§ **Task description**
Pictures must be kept out of the copy. Every entry is to be duplicated exactly.
(Input material)
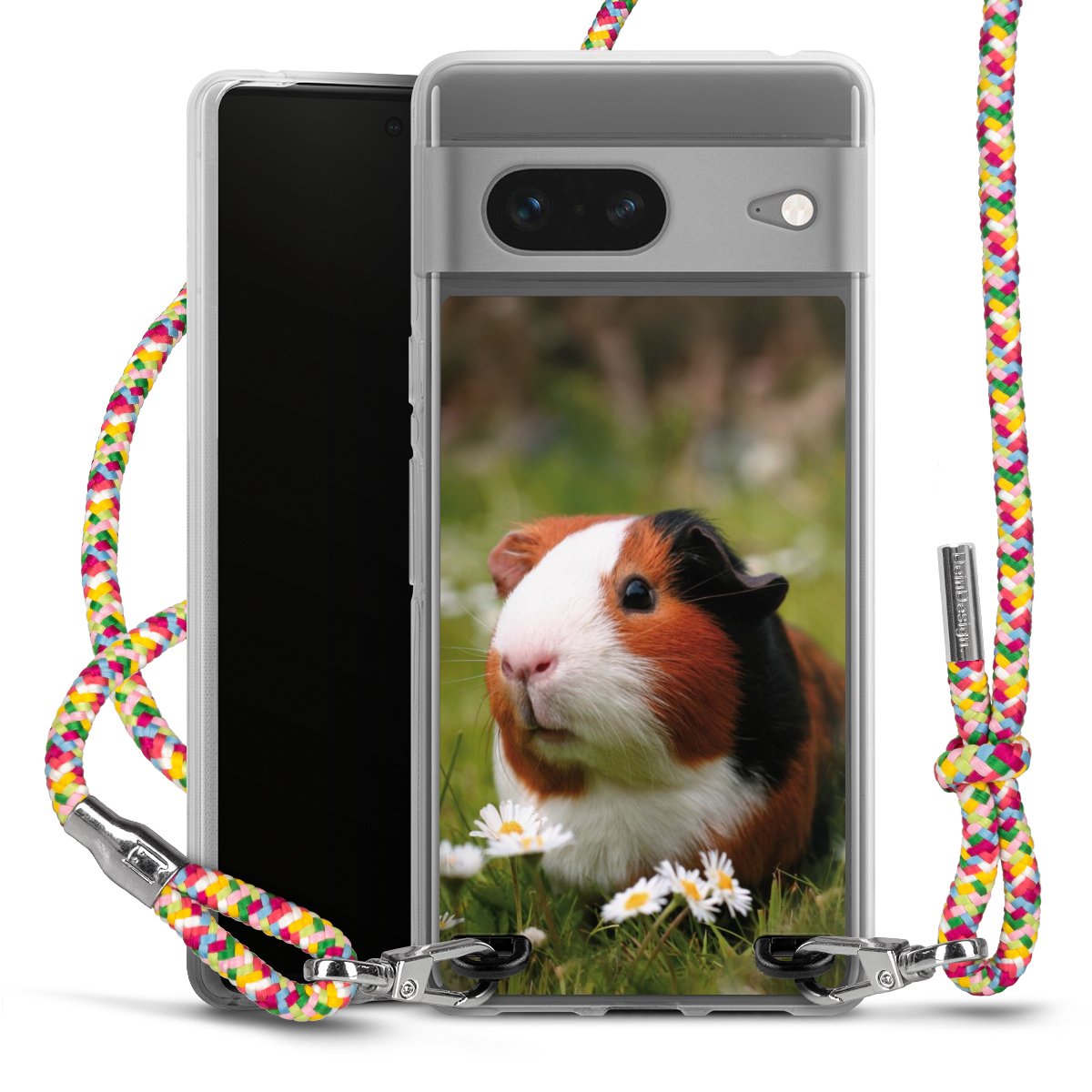 The flexible case is made from a highquality TPU material (thermoplastic Polyurethan). Thanks to its longlasting and break resistant characterisitcs, the case is flexible yet consistent in form and has a great grip and feel. The textile strap made from Polyester gives a chic yet casual accent allowing you to carry your phone like a bag or necklace - a practical gadget perfect for your next adventure. The textile strap is about 1.70 meters long and the length can easily be adjusted through the knots. Our Carry Case is available in Colourful, Mint-Camouflage, Very-Berry, Sahara-Sand and Sparkling-Neon. The ends of the textile strap are covered with metallic end caps to protect them against fraying.
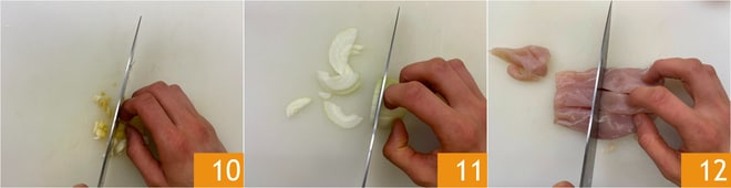 Chop the ginger 10 with a knife, slice the onion 11, and cut the chicken breast into 1-inch long and 0.4-inch thick pieces 12.
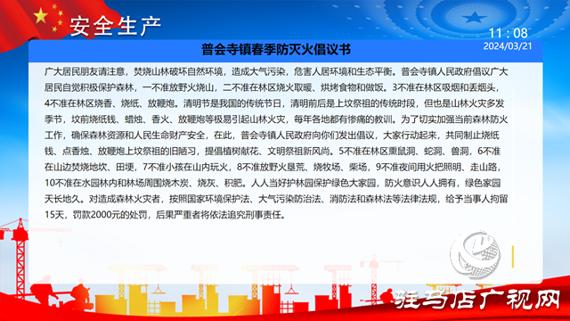 线上通过“智慧普会寺”、微信群、聚焦案例宣传;线下通过悬挂条幅、村级广播聚焦森林防火法律法规和安全常识宣传。两种渠道双轨并行,从宣传阵地、舆论引导、反面警示等多方面精心策划,提高群众对森林火灾的危害和引发森林火灾的法律后果的认识,全面增强群众防火意识。截至目前,悬挂条幅14条,发放宣传单800余份,广播2200余次,营造森林防火的浓厚氛围。(编辑 李宗文)
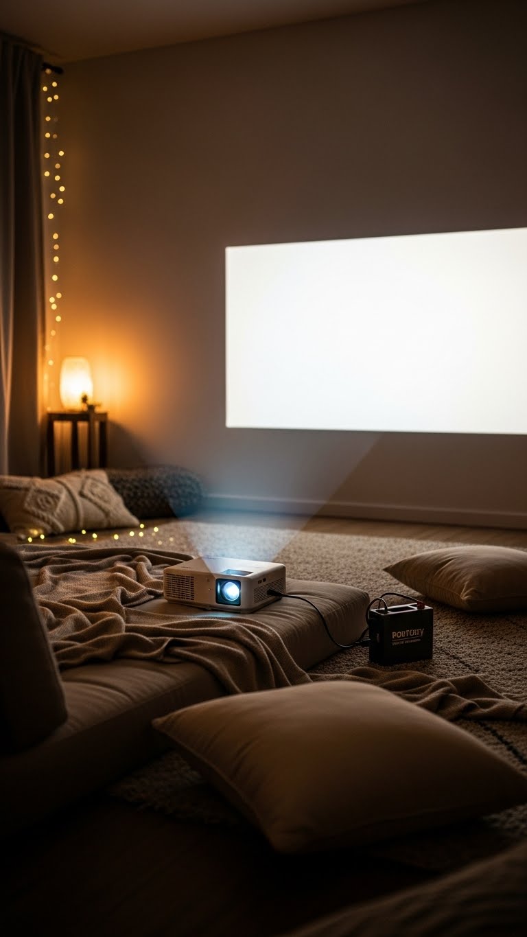 You’ll relish cinematic nights with an ambient screen, crisp image, and simple streaming. Choose a model with a portable battery for rooftop or backyard freedom, and pair it with cozy blankets and low lighting to craft intimate, effortless movie dates.
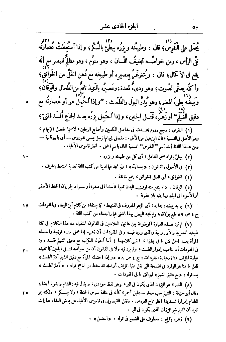 يجعل على النّقرس «1» ؛ قال: وطبيخه وبزره يبطىء «2» بالسّكر؛ وإذا استعطت عصارته «3» نقّى الرأس، ومن خواصّه تجفيف اللّسان، وهو منوّم، وهو مظلم للبصر مع أنّه يقع فى الأكحال؛ قال: ويتغرغر بعصيره أو طبيخه مع دهن الخلّ من الخوانق «4» ؛ وأكله يصفّى الصّوت؛ وهو ردىء للمعدة؛ وعصيره بالنّبيذ نافع من الطّحال واليرقان «5» ؛ وبيضه «6» بطىء الهضم؛ وهو يدرّ البول والطّمث: «وإذا احتمل «7» هو أو عصارته مع دقيق الشّيلم «8» » أو زهره «9» قتل الجنين، وإذا احتمل بزره بعد الجماع أفسد المنىّ؛
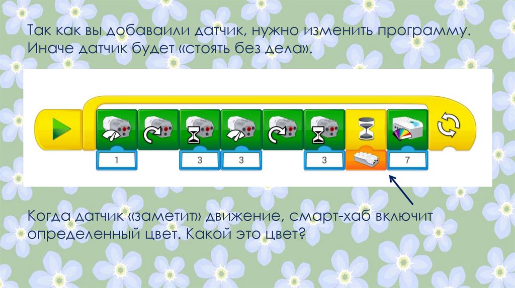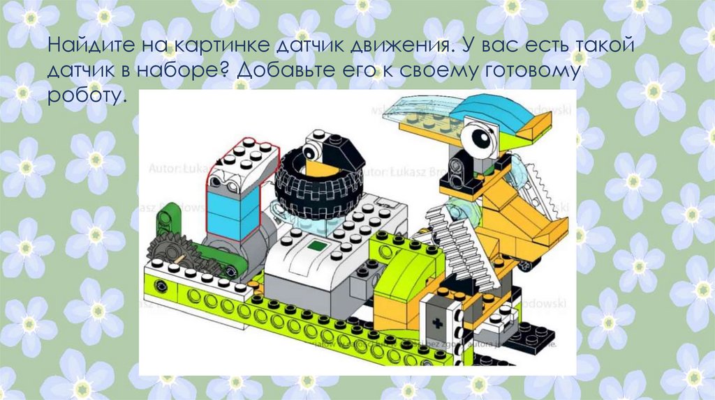 Найдите на картинке датчик движения. У вас есть такойдатчик в наборе? Добавьте его к своему готовому
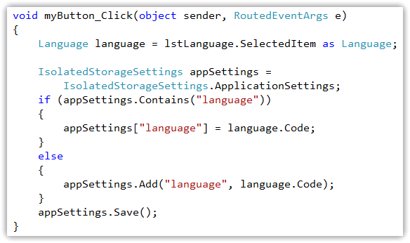 現(xiàn)在我們要實(shí)現(xiàn)本地存儲(chǔ)功能,這個(gè)不是什么難事,可以通過(guò)Silverlight 2中的隔離存儲(chǔ)來(lái)實(shí)現(xiàn)。在用戶選擇一種語(yǔ)言后保存到本地:
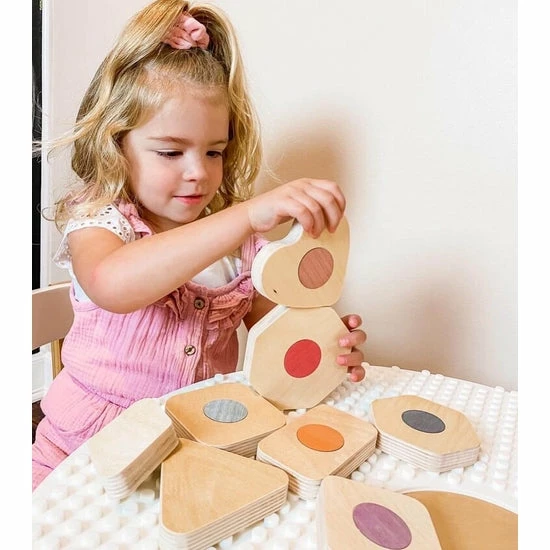 Little Stackables Includes: 9 Stackable Blocks with Unique Shapes and Colors
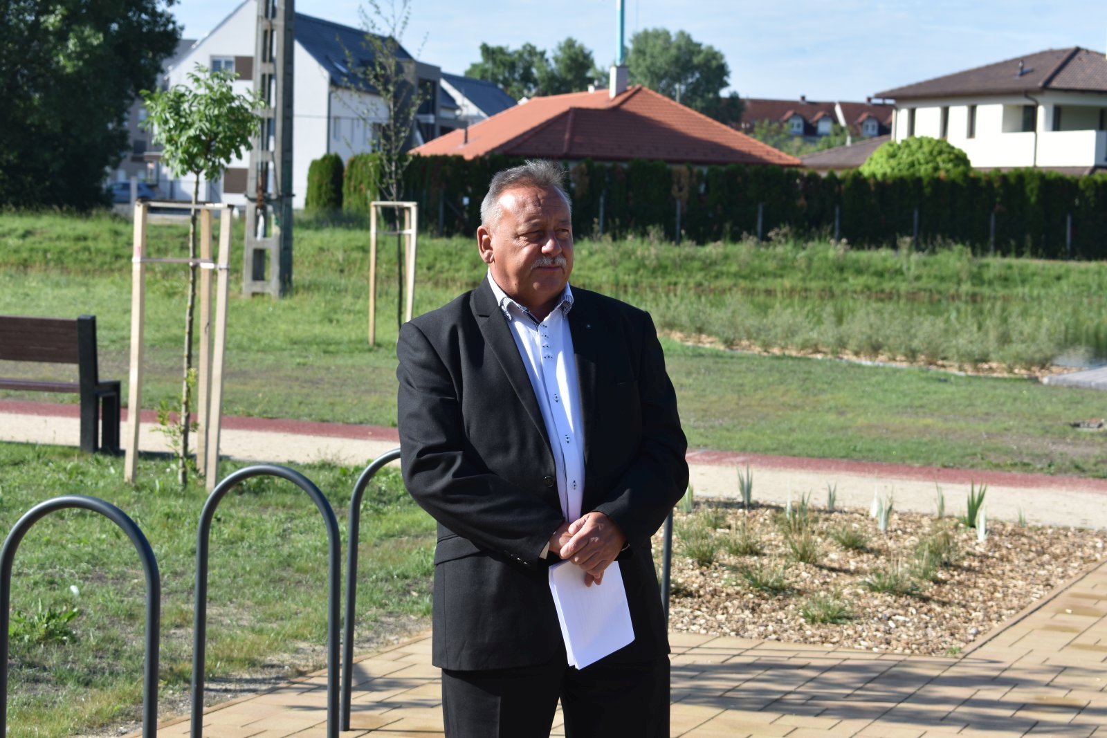 Dr. Kovács Zoltán országgyűlési képviselő gratulált a beruházáshoz, emlékeztetett arra, hogy kevés olyan település van, amelyik ennyi zöldfelülettel rendelkezik, mint Pápa városa, az önkormányzat pedig jó célokat tűzött ki és hajtott végre ezek fejlesztésére. A külső-várkerti szabadidőpark a legújabb jó példa.
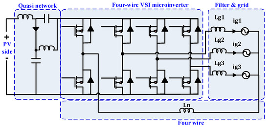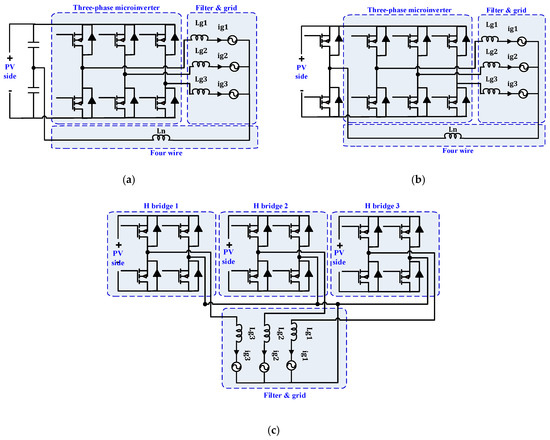Different ways to supplement four-wire at three-phase microinverters: (a) split capacitor four-wire microinverter; (b) four-leg four-wire microinverter; (c) added four-wire for three independent phases.
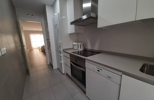 Kitchen with all appliances Refrigerator, Washing Machine, Dishwasher, Oven, Microwave and Induction hob.
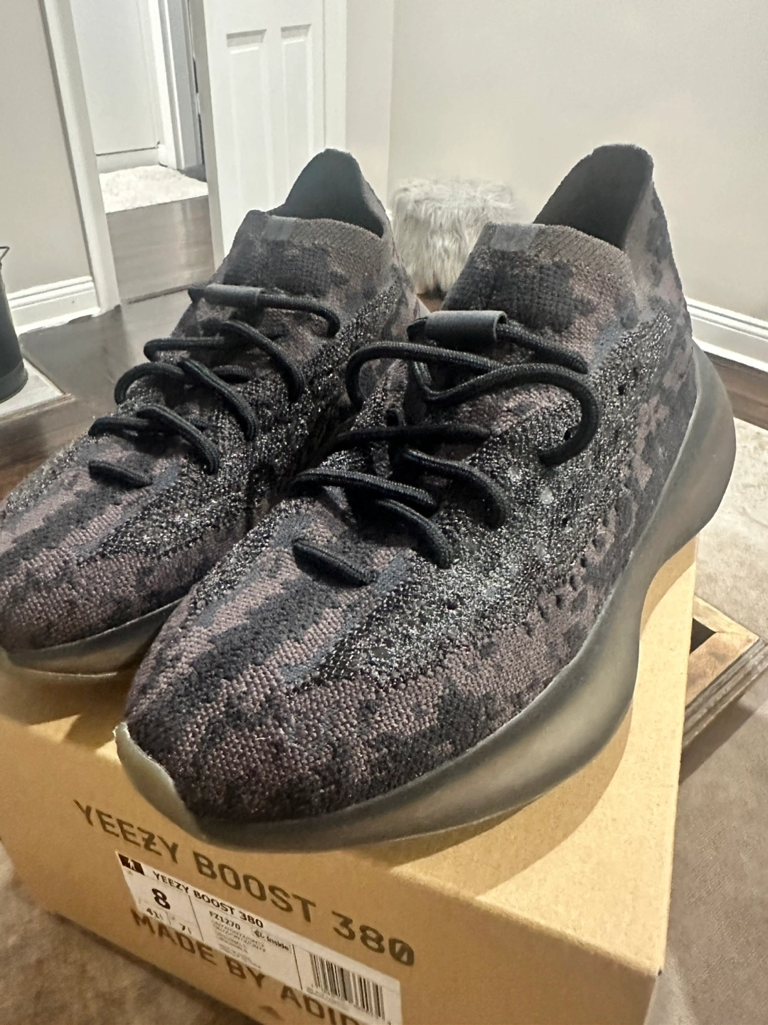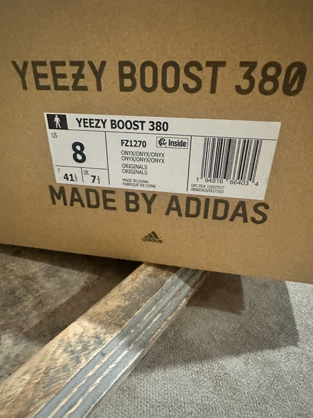 Selling a pair of Adidas Yeezy Boost 380 in the Onyx colorway, size 8 US. These are in great shape and come with the original box! Don't miss out on these stylish and comfortable sneakers
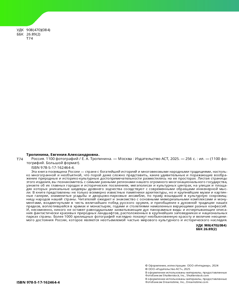 💳 Оплатить за товар можно при получении 🇰🇿 Есть бесплатная доставка по Казахстану от 1 дня 🎁 Копите бонусы с каждой покупки Серия: 1100 фотографий. Большой формат Эта книга посвящена России — стране с богатейшей историей и многовековыми народными традициями, настолько многогранной и необъятной, что порой даже сложно представить, какие удивительные и поражающие воображение природные и историко-культурные достопримечательности разместились на ее просторах. Листая страницы этого издания, вы познакомитесь с самыми разными регионами нашего огромного многонационального государства, узнаете об их главных городах и исторических поселениях, мегаполисах и культурных центрах, на улицах и площадях которых уникальные шедевры древнего зодчества соседствуют с современными образцами инженерной мысли. В книге представлены не только всемирно известные памятники архитектуры, но и крупнейшие музеи и картинные галереи, знаменитые усадьбы и дворцово-парковые ансамбли, по праву вошедшие в культурную сокровищницу народов нашей страны. |
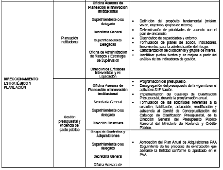 7. Las demás que tengan relación directa con la implementación, desarrollo y evaluación del Modelo Integrado de Planeación y Gestión.
(End Input material)
§ **Answer for the task**
 The flexible case is made from a highquality TPU material (thermoplastic Polyurethan). Thanks to its longlasting and break resistant characterisitcs, the case is flexible yet consistent in form and has a great grip and feel. The textile strap made from Polyester gives a chic yet casual accent allowing you to carry your phone like a bag or necklace - a practical gadget perfect for your next adventure. The textile strap is about 1.70 meters long and the length can easily be adjusted through the knots. Our Carry Case is available in Colourful, Mint-Camouflage, Very-Berry, Sahara-Sand and Sparkling-Neon. The ends of the textile strap are covered with metallic end caps to protect them against fraying.
 Chop the ginger 10 with a knife, slice the onion 11, and cut the chicken breast into 1-inch long and 0.4-inch thick pieces 12.
 线上通过“智慧普会寺”、微信群、聚焦案例宣传;线下通过悬挂条幅、村级广播聚焦森林防火法律法规和安全常识宣传。两种渠道双轨并行,从宣传阵地、舆论引导、反面警示等多方面精心策划,提高群众对森林火灾的危害和引发森林火灾的法律后果的认识,全面增强群众防火意识。截至目前,悬挂条幅14条,发放宣传单800余份,广播2200余次,营造森林防火的浓厚氛围。(编辑 李宗文)
 You’ll relish cinematic nights with an ambient screen, crisp image, and simple streaming. Choose a model with a portable battery for rooftop or backyard freedom, and pair it with cozy blankets and low lighting to craft intimate, effortless movie dates.
 يجعل على النّقرس «1» ؛ قال: وطبيخه وبزره يبطىء «2» بالسّكر؛ وإذا استعطت عصارته «3» نقّى الرأس، ومن خواصّه تجفيف اللّسان، وهو منوّم، وهو مظلم للبصر مع أنّه يقع فى الأكحال؛ قال: ويتغرغر بعصيره أو طبيخه مع دهن الخلّ من الخوانق «4» ؛ وأكله يصفّى الصّوت؛ وهو ردىء للمعدة؛ وعصيره بالنّبيذ نافع من الطّحال واليرقان «5» ؛ وبيضه «6» بطىء الهضم؛ وهو يدرّ البول والطّمث: «وإذا احتمل «7» هو أو عصارته مع دقيق الشّيلم «8» » أو زهره «9» قتل الجنين، وإذا احتمل بزره بعد الجماع أفسد المنىّ؛
 Найдите на картинке датчик движения. У вас есть такойдатчик в наборе? Добавьте его к своему готовому
 現(xiàn)在我們要實(shí)現(xiàn)本地存儲(chǔ)功能,這個(gè)不是什么難事,可以通過(guò)Silverlight 2中的隔離存儲(chǔ)來(lái)實(shí)現(xiàn)。在用戶選擇一種語(yǔ)言后保存到本地:
 Little Stackables Includes: 9 Stackable Blocks with Unique Shapes and Colors
 Dr. Kovács Zoltán országgyűlési képviselő gratulált a beruházáshoz, emlékeztetett arra, hogy kevés olyan település van, amelyik ennyi zöldfelülettel rendelkezik, mint Pápa városa, az önkormányzat pedig jó célokat tűzött ki és hajtott végre ezek fejlesztésére. A külső-várkerti szabadidőpark a legújabb jó példa.
Different ways to supplement four-wire at three-phase microinverters: (a) split capacitor four-wire microinverter; (b) four-leg four-wire microinverter; (c) added four-wire for three independent phases.
 Kitchen with all appliances Refrigerator, Washing Machine, Dishwasher, Oven, Microwave and Induction hob.
 Selling a pair of Adidas Yeezy Boost 380 in the Onyx colorway, size 8 US. These are in great shape and come with the original box! Don't miss out on these stylish and comfortable sneakers
 💳 Оплатить за товар можно при получении 🇰🇿 Есть бесплатная доставка по Казахстану от 1 дня 🎁 Копите бонусы с каждой покупки Серия: 1100 фотографий. Большой формат Эта книга посвящена России — стране с богатейшей историей и многовековыми народными традициями, настолько многогранной и необъятной, что порой даже сложно представить, какие удивительные и поражающие воображение природные и историко-культурные достопримечательности разместились на ее просторах. Листая страницы этого издания, вы познакомитесь с самыми разными регионами нашего огромного многонационального государства, узнаете об их главных городах и исторических поселениях, мегаполисах и культурных центрах, на улицах и площадях которых уникальные шедевры древнего зодчества соседствуют с современными образцами инженерной мысли. В книге представлены не только всемирно известные памятники архитектуры, но и крупнейшие музеи и картинные галереи, знаменитые усадьбы и дворцово-парковые ансамбли, по праву вошедшие в культурную сокровищницу народов нашей страны. |
 7. Las demás que tengan relación directa con la implementación, desarrollo y evaluación del Modelo Integrado de Planeación y Gestión.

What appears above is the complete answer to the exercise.